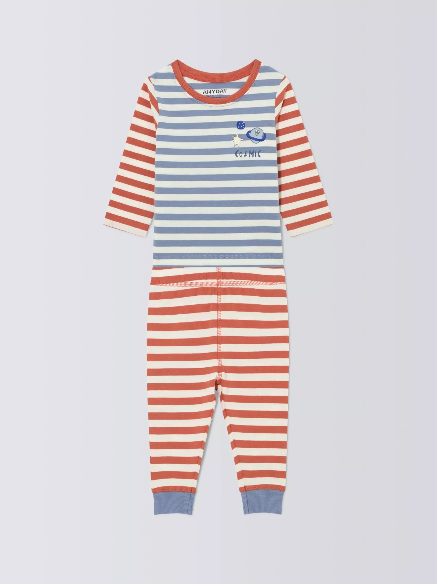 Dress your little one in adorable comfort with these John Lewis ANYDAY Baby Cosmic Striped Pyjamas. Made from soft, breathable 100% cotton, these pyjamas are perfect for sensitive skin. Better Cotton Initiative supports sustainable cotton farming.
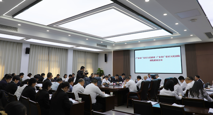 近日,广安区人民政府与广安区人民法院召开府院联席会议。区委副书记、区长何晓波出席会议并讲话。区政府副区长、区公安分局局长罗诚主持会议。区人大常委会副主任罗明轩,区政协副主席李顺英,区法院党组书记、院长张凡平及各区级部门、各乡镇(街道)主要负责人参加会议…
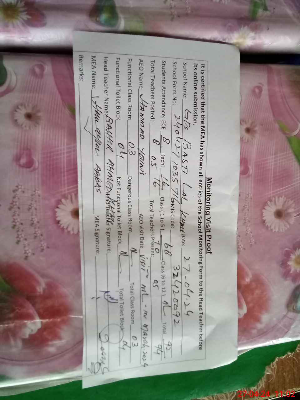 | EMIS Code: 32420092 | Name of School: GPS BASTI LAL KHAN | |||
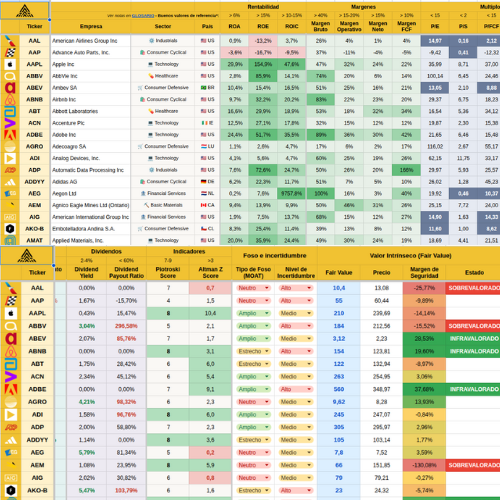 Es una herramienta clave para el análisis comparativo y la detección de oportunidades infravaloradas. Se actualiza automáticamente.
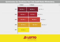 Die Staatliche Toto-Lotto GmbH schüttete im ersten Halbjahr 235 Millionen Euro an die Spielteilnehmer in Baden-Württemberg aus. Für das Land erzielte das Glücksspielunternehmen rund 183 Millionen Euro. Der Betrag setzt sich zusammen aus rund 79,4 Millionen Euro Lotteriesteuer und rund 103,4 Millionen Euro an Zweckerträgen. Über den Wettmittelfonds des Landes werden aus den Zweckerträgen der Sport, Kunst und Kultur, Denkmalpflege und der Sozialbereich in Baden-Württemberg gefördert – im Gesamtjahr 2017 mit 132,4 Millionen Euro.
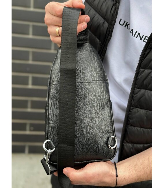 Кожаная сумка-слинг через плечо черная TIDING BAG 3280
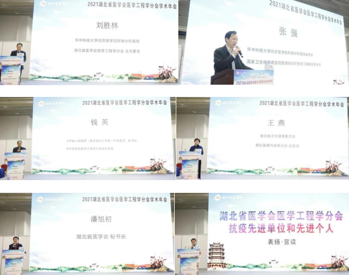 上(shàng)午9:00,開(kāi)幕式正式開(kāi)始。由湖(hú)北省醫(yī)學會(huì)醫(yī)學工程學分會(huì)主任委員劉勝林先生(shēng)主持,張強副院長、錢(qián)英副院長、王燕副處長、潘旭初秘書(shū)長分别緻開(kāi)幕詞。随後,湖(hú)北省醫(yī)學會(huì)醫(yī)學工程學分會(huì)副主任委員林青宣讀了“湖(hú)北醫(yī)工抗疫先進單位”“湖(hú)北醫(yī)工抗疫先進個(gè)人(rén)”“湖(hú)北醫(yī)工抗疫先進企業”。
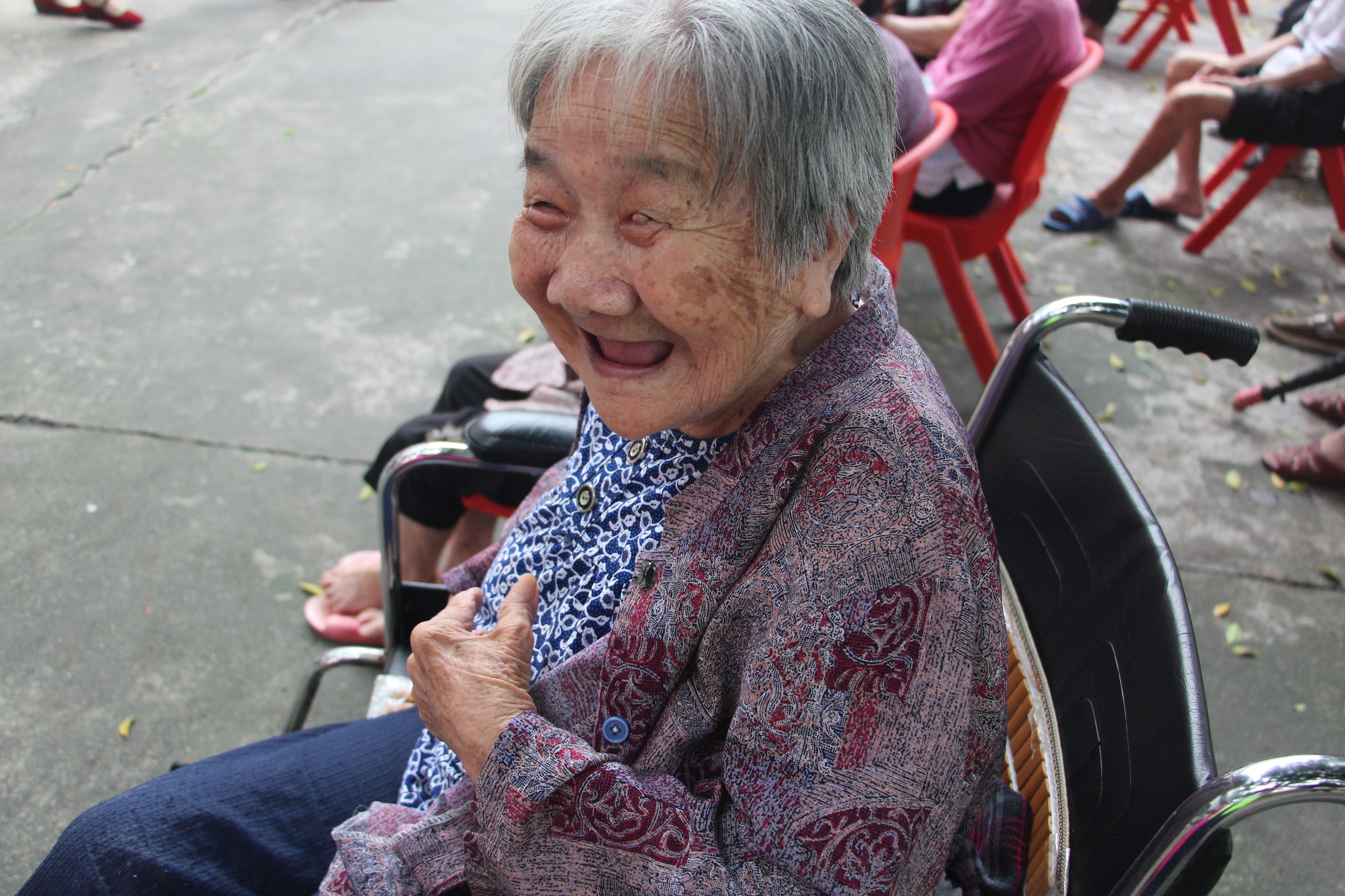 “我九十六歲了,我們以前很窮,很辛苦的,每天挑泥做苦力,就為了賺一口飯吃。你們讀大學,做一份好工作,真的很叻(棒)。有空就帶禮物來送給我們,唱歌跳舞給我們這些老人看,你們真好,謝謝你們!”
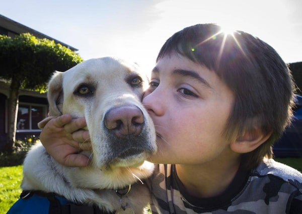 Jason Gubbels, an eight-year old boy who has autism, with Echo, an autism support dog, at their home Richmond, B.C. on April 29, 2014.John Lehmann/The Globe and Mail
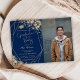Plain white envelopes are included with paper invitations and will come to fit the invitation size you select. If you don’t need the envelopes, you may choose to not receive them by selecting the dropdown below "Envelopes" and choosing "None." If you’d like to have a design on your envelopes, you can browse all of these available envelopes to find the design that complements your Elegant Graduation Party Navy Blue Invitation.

-- -- --

● **PROBLEM DESCRIPTION**: Hand back the data above exactly, with no images.

● **YOUR SOLUTION**:
 Dress your little one in adorable comfort with these John Lewis ANYDAY Baby Cosmic Striped Pyjamas. Made from soft, breathable 100% cotton, these pyjamas are perfect for sensitive skin. Better Cotton Initiative supports sustainable cotton farming.
 近日,广安区人民政府与广安区人民法院召开府院联席会议。区委副书记、区长何晓波出席会议并讲话。区政府副区长、区公安分局局长罗诚主持会议。区人大常委会副主任罗明轩,区政协副主席李顺英,区法院党组书记、院长张凡平及各区级部门、各乡镇(街道)主要负责人参加会议…
 | EMIS Code: 32420092 | Name of School: GPS BASTI LAL KHAN | |||
 Es una herramienta clave para el análisis comparativo y la detección de oportunidades infravaloradas. Se actualiza automáticamente.
 Die Staatliche Toto-Lotto GmbH schüttete im ersten Halbjahr 235 Millionen Euro an die Spielteilnehmer in Baden-Württemberg aus. Für das Land erzielte das Glücksspielunternehmen rund 183 Millionen Euro. Der Betrag setzt sich zusammen aus rund 79,4 Millionen Euro Lotteriesteuer und rund 103,4 Millionen Euro an Zweckerträgen. Über den Wettmittelfonds des Landes werden aus den Zweckerträgen der Sport, Kunst und Kultur, Denkmalpflege und der Sozialbereich in Baden-Württemberg gefördert – im Gesamtjahr 2017 mit 132,4 Millionen Euro.
 Кожаная сумка-слинг через плечо черная TIDING BAG 3280
 上(shàng)午9:00,開(kāi)幕式正式開(kāi)始。由湖(hú)北省醫(yī)學會(huì)醫(yī)學工程學分會(huì)主任委員劉勝林先生(shēng)主持,張強副院長、錢(qián)英副院長、王燕副處長、潘旭初秘書(shū)長分别緻開(kāi)幕詞。随後,湖(hú)北省醫(yī)學會(huì)醫(yī)學工程學分會(huì)副主任委員林青宣讀了“湖(hú)北醫(yī)工抗疫先進單位”“湖(hú)北醫(yī)工抗疫先進個(gè)人(rén)”“湖(hú)北醫(yī)工抗疫先進企業”。
 “我九十六歲了,我們以前很窮,很辛苦的,每天挑泥做苦力,就為了賺一口飯吃。你們讀大學,做一份好工作,真的很叻(棒)。有空就帶禮物來送給我們,唱歌跳舞給我們這些老人看,你們真好,謝謝你們!”
 Jason Gubbels, an eight-year old boy who has autism, with Echo, an autism support dog, at their home Richmond, B.C. on April 29, 2014.John Lehmann/The Globe and Mail
Plain white envelopes are included with paper invitations and will come to fit the invitation size you select. If you don’t need the envelopes, you may choose to not receive them by selecting the dropdown below "Envelopes" and choosing "None." If you’d like to have a design on your envelopes, you can browse all of these available envelopes to find the design that complements your Elegant Graduation Party Navy Blue Invitation.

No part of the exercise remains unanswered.